MonoNPHM: Dynamic Head Reconstruction from Monocular Videos
This work addresses the problem of creating easily accessible neural parametric face models for researchers and practitioners in computer vision and graphics, representing an incremental improvement in dynamic face reconstruction from monocular videos.
The paper tackles dynamic 3D head reconstruction from monocular RGB videos by proposing MonoNPHM, a method that uses a latent appearance space and hyper-dimensional deformation fields to improve geometry and color representation, achieving significant performance gains over baselines on 20 challenging Kinect sequences.
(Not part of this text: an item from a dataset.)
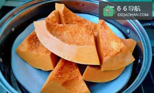 先把老南瓜切块去除瓜瓤后放入上汽的蒸锅中,大火蒸20分钟左右。

We present Monocular Neural Parametric Head Models (MonoNPHM) for dynamic 3D head reconstructions from monocular RGB videos. To this end, we propose a latent appearance space that parameterizes a texture field on top of a neural parametric model. We constrain predicted color values to be correlated with the underlying geometry such that gradients from RGB effectively influence latent geometry codes during inverse rendering. To increase the representational capacity of our expression space, we augment our backward deformation field with hyper-dimensions, thus improving color and geometry representation in topologically challenging expressions. Using MonoNPHM as a learned prior, we approach the task of 3D head reconstruction using signed distance field based volumetric rendering. By numerically inverting our backward deformation field, we incorporated a landmark loss using facial anchor points that are closely tied to our canonical geometry representation. To evaluate the task of dynamic face reconstruction from monocular RGB videos we record 20 challenging Kinect sequences under casual conditions. MonoNPHM outperforms all baselines with a significant margin, and makes an important step towards easily accessible neural parametric face models through RGB tracking.